● **Stored data**
========

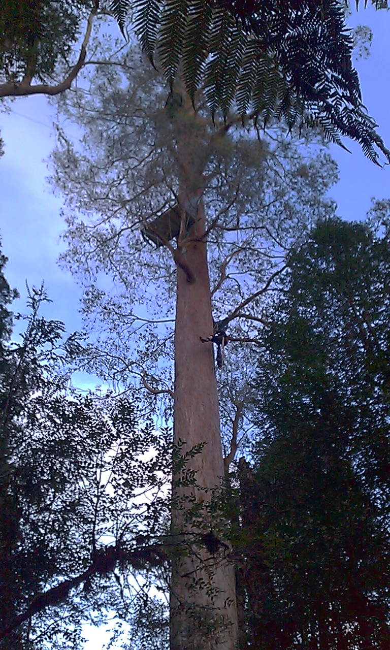 Protester climbing to a tree sit in Upper Florentine Valley, Tasmania.
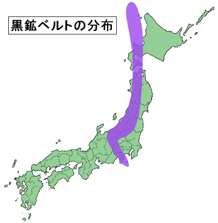 Black ore deposits in Japan
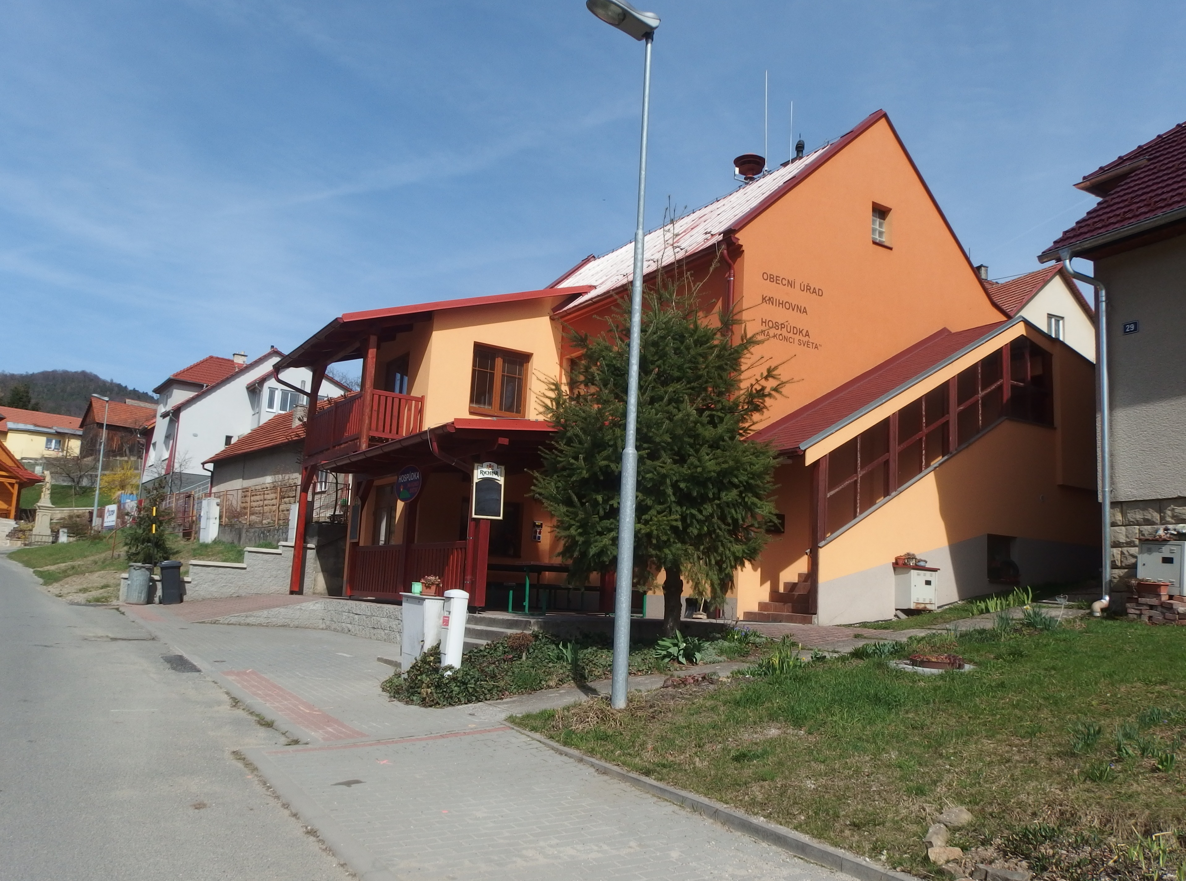 Podhradí, Zlín District, Czechia.
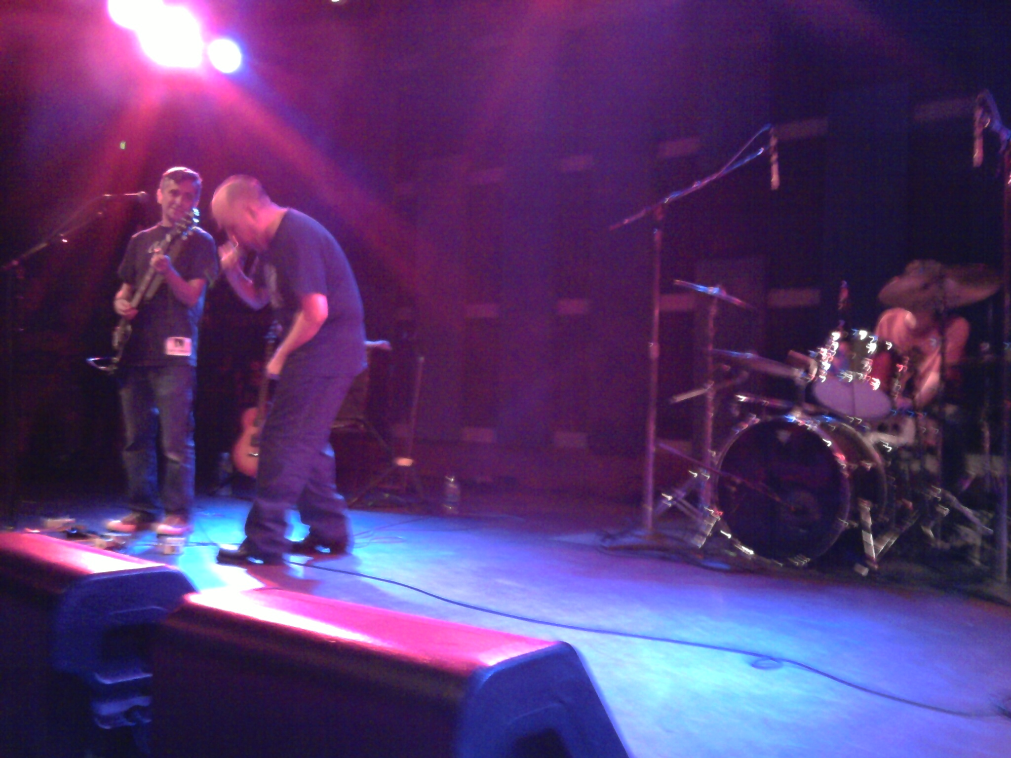 Dead Milkmen live at World Cafe live, Philadelphia, 9/24/10

========

● **Exercise instructions**
Find the line containing "Podhradí, Zlín District, Czechia." in the listing above. Restate it and every line after it, word for word, through the final line, leaving out the pictures.

● **Worked solution**
 Podhradí, Zlín District, Czechia.
 Dead Milkmen live at World Cafe live, Philadelphia, 9/24/10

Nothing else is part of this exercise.